■ **Aim of the task**: Look over the entries and say how many lines include the word "with". Only the number, please.

■ **Data**:
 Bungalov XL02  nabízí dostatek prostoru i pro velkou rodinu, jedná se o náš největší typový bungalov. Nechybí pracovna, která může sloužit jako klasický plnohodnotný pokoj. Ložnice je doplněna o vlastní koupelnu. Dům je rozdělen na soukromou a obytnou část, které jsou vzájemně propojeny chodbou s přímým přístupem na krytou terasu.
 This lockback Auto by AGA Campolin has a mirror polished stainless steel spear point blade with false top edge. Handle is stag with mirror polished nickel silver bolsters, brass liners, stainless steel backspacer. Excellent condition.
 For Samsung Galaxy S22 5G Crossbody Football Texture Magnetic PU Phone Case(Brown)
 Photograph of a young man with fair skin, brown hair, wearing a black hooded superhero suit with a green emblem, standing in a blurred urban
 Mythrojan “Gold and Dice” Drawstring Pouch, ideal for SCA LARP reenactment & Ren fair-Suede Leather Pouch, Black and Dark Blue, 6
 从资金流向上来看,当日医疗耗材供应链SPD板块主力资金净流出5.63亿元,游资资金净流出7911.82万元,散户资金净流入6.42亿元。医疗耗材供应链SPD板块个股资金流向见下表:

---

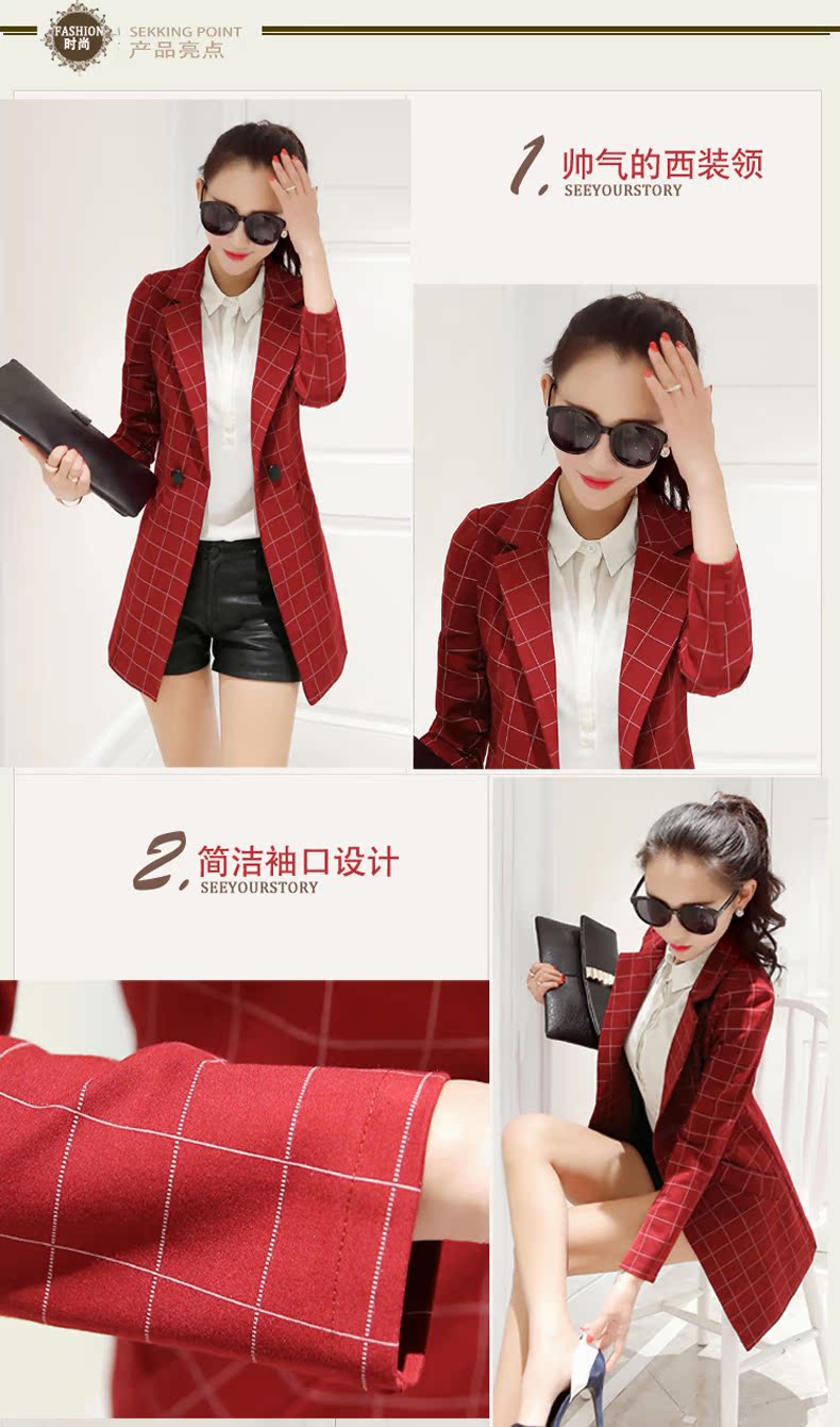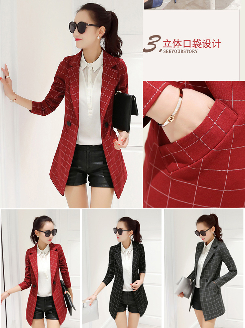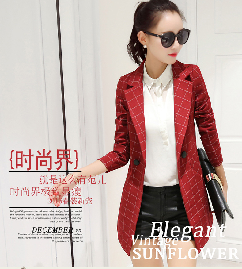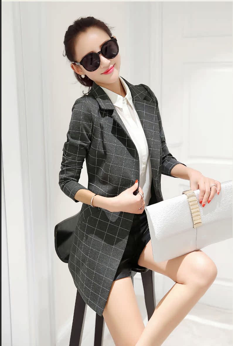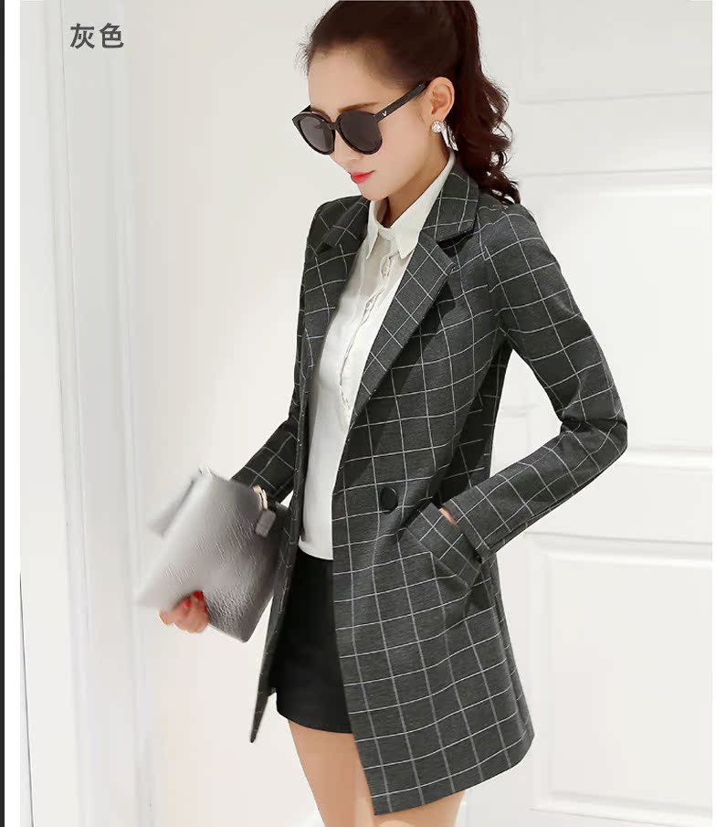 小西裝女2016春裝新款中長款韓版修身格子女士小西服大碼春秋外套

■ **Written answer**: 2